- PROBLEM TO WORK ON: Only the stretch below from the line holding "Соедини рифмующиеся имена" through the line holding "商品名称:恒爱家纺 2023新款兔毛绒绣花四件套 波浪款-兰灰" should be restated, word for word and with both ends included; pictures stay out.

==== MATERIAL FOR THIS TASK

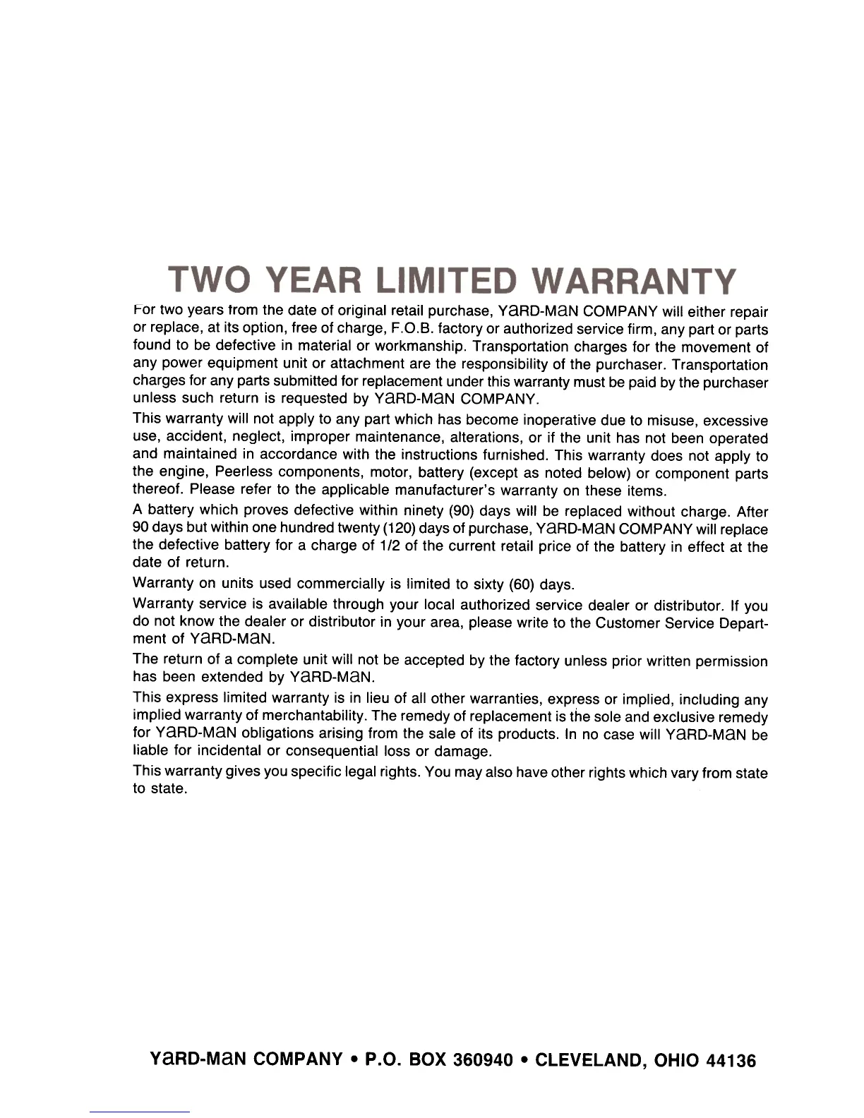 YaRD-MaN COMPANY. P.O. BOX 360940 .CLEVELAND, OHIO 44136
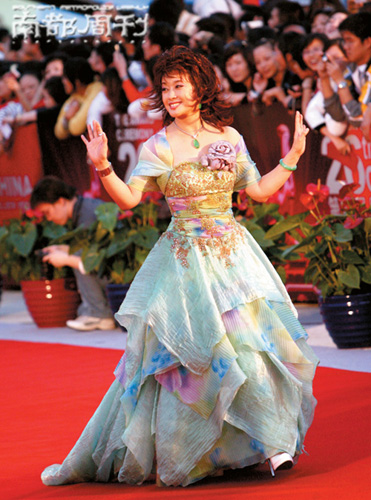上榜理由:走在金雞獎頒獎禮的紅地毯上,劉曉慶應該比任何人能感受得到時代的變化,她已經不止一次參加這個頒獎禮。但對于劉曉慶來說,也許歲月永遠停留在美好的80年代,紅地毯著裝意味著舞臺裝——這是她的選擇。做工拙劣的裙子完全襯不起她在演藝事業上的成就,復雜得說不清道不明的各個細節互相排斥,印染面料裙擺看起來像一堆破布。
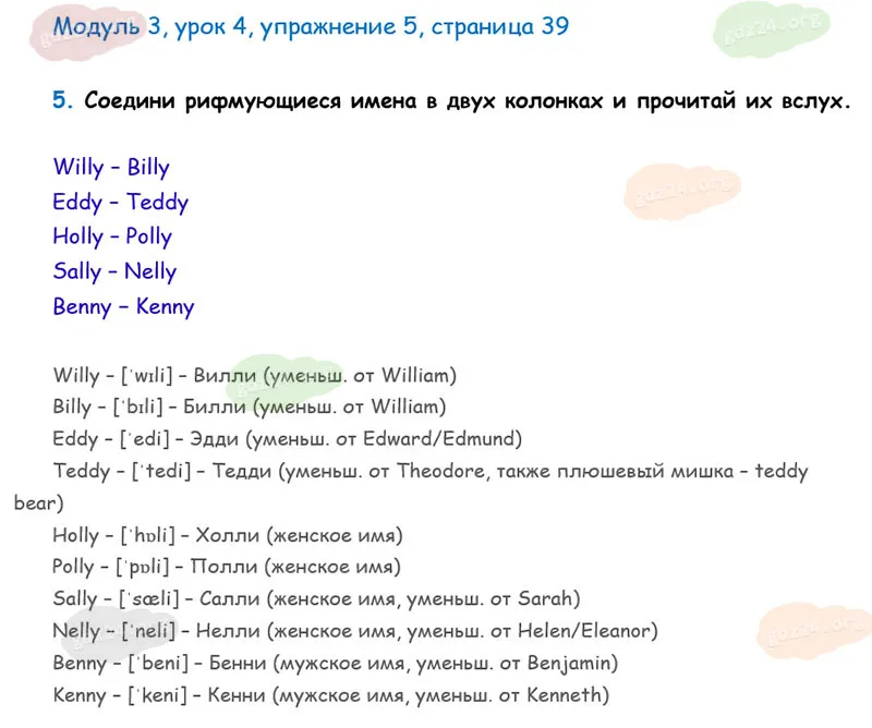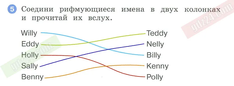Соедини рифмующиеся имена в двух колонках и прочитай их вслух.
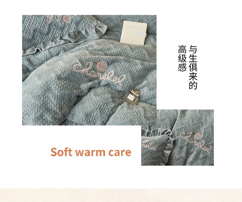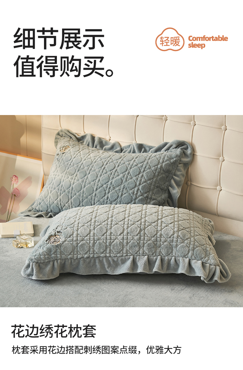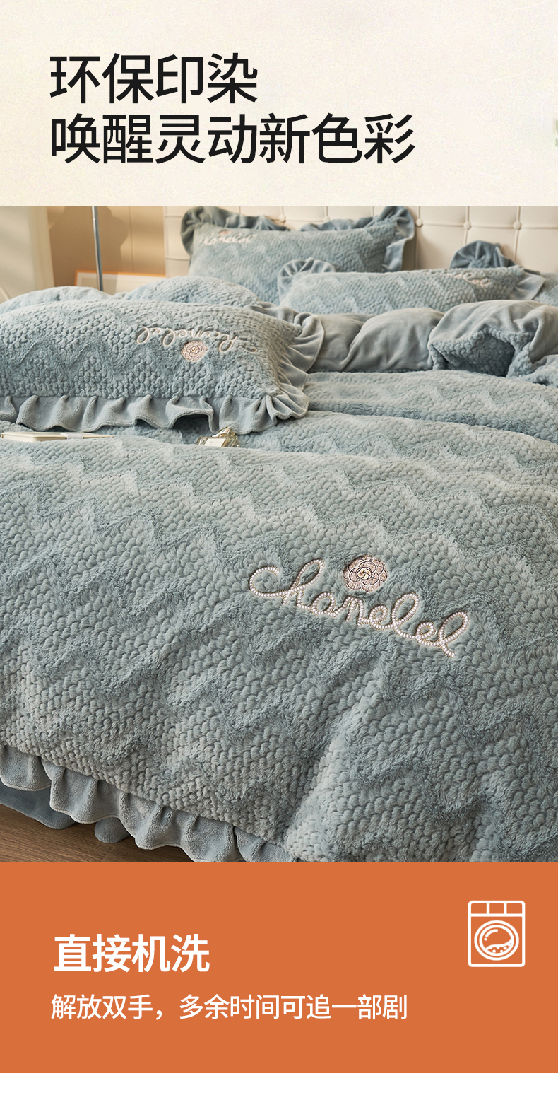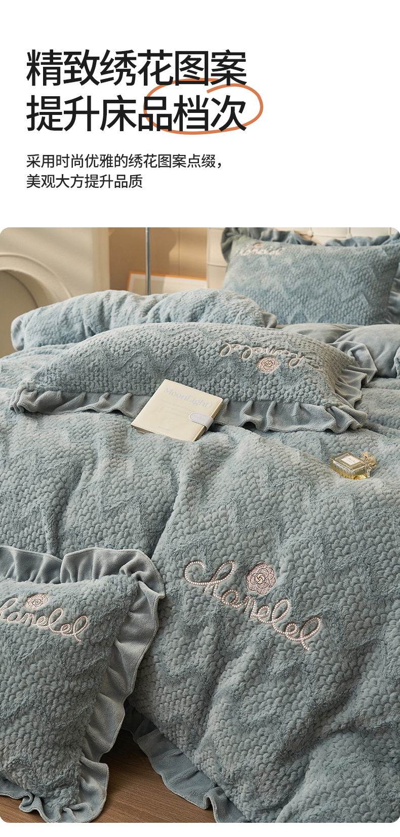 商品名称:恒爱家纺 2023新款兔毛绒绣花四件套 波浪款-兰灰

========
==== MATERIAL FOR THIS TASK

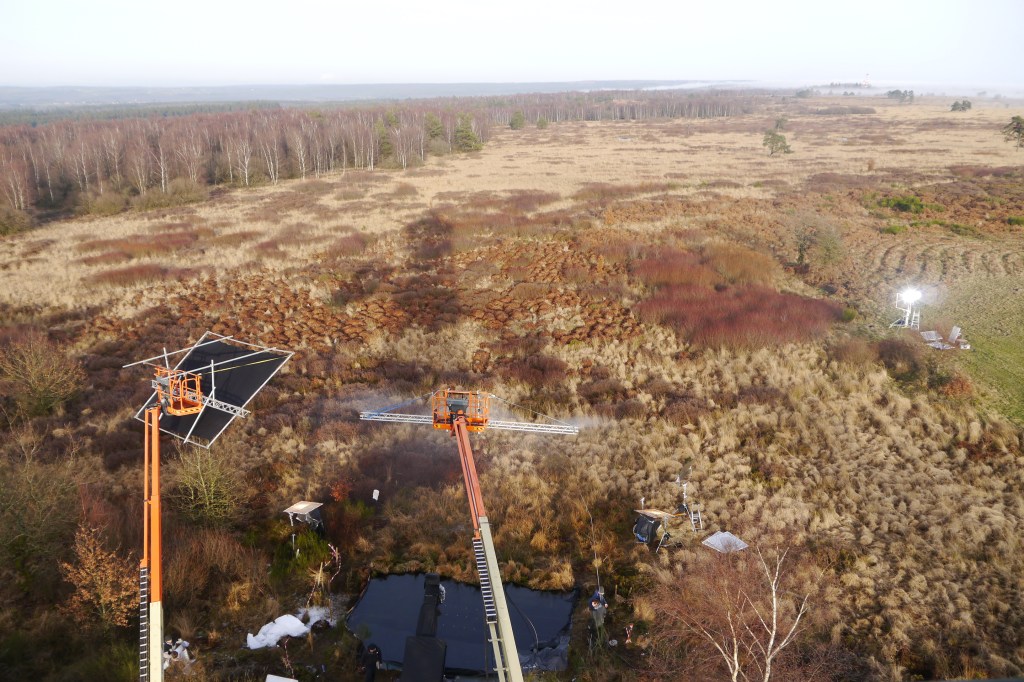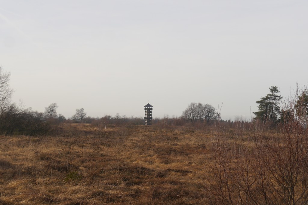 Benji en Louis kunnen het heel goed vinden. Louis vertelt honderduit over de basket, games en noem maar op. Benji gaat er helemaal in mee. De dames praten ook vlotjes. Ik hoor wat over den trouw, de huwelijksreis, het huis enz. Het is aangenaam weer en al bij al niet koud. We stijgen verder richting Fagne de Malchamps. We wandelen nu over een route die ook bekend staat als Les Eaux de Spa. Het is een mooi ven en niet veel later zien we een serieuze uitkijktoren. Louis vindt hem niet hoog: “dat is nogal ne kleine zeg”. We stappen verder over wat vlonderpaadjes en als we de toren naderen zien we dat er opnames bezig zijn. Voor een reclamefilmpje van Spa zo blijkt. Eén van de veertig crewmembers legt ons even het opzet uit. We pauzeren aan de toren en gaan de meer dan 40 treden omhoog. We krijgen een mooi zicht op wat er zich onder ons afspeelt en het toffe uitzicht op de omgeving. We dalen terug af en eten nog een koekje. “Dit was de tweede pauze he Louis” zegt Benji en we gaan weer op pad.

========

- ANSWER BOX:
Соедини рифмующиеся имена в двух колонках и прочитай их вслух.
 商品名称:恒爱家纺 2023新款兔毛绒绣花四件套 波浪款-兰灰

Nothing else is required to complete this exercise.